There is much to commend. An overview of Paul’s life and thought is provided, synthesising Acts and the Pauline letters. Extra-biblical material is also utilised to enhance our understanding. This endeavour to summarise Paul’s writings, putting each letter into its context, is enormously valuable.

There are many insightful nuggets. Remarks on the idea of ‘zeal’ in the Jewish setting of Paul’s childhood provide a useful sidelight on the apostle. An argument that Paul’s visit to Arabia (mentioned in Galatians) was likely a trip to Sinai carries plenty of theological weight. Reading Romans in the light of its sixteenth chapter (where Paul sends greetings to many small groups) is essential to grasp Paul’s purpose in writing to Rome.

Some of Wright’s metaphors are striking. As ‘daytime’ people living in a world of darkness, Christians live with ‘theological jetlag’. Unusually and commendably for a modern academic, Wright thinks that the whole Pauline corpus is actually Pauline in authorship.

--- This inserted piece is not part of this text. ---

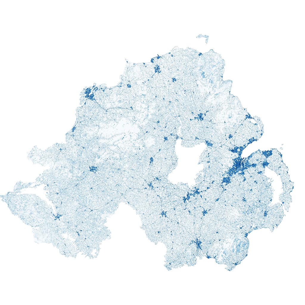 To show how Satellite imagery can be used to detect artificial surfaces, we have created the map below of Northern Ireland, with imagery captured in 2022. This map was generated using three polarisation modes from Sentinel 1 and 10 bands from Sentinel 2, and 6 indexes based on these bands. Any clouds and their shadows were removed using a cloud probability mask, near–infrared band, and solar azimuth angle. Time–series data and a Random Forest machine–learning model were used for classification.
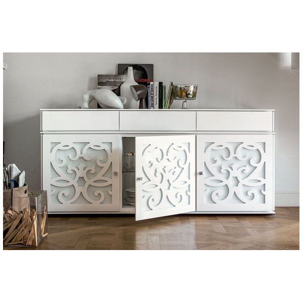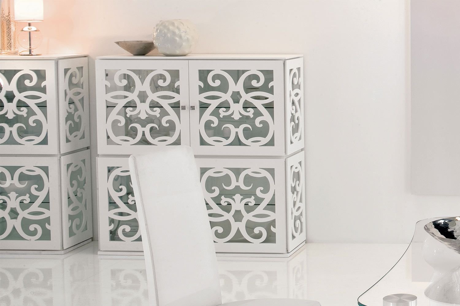 Dodaj wyrafinowany styl do swojego nowoczesnego domu, dzięki niezwykłemu kredensowi Paris marki Tonin Casa. Mnóstwo miejsca w każdej szafce sprawia, że wszystkie Twoje rzeczy są ukryte i uporządkowane. Niesamowita dbałość producenta o szczegóły zapewnia trwałość na długi czas. Paris jest częścią luksusowej kolekcji Paris. Struktura jest dostępna w różnych matowych wykończeniach, drzwi wyposażone są w różne opcje szkła.

There is, however, much to censure. Wright’s prose is inflated. He says, ‘This is what really made Paul tick’, or some variant thereof, often enough to be irritating. The book is also rather lengthy, and Wright sets up straw men rather too frequently. How many Christians use the term ‘conversion’ to mean changing religion, rather than simply coming to faith in Christ? How many really think Christianity is all about going to heaven when you die as opposed to the resurrection of the body and the new heavens and new earth? At times, it seems that he is writing to correct a caricature of his former self.

Most seriously, there are points where Wright either cannot think clearly or cannot express his thought. He is confused and confusing at precisely those points where there has been a great deal of controversy and where informed readers will be hoping for pinpoint clarity. While this book is not an attempt to rehash the New Perspective on Paul (NPP) debates, Wright’s version of the NPP inevitably comes through by putting a finger on what he thinks is next to impossible.

At different points, he describes faith as, ‘the thing that showed whether somebody was really part of this new community’ (p.91), ‘confessing that Jesus is Lord and believing that God raised him from the dead’ (p.161) and ‘Jesus-shaped loyalty’ (p.148). These are not the same thing.

In a single passage (p.328-9), faith is ‘the badge of membership in Abraham’s family’, which is to say a token worn by those who have already become group-members. It is something by which someone ‘reaches out to grasp the promise’, which is to say an active mechanism by which someone becomes and remains a group member.

While this may be ‘playing the man and not the ball’, I suspect that the muddle stems from Wright’s position in the Anglican Church. He finds it necessary to count as Christians plenty of folk who would not be received into membership of healthy nonconformist evangelical churches; he is reluctant to define ‘faith’ in a way that would exclude too many members of his church and its hierarchy.

Overall, a reader seeking a better grasp of the unfolding of the history of the early churches, and of Paul’s letters to them and to those involved with them, would find clearer thinking and sharper prose in F. F. Bruce’s Apostle of the Free Spirit.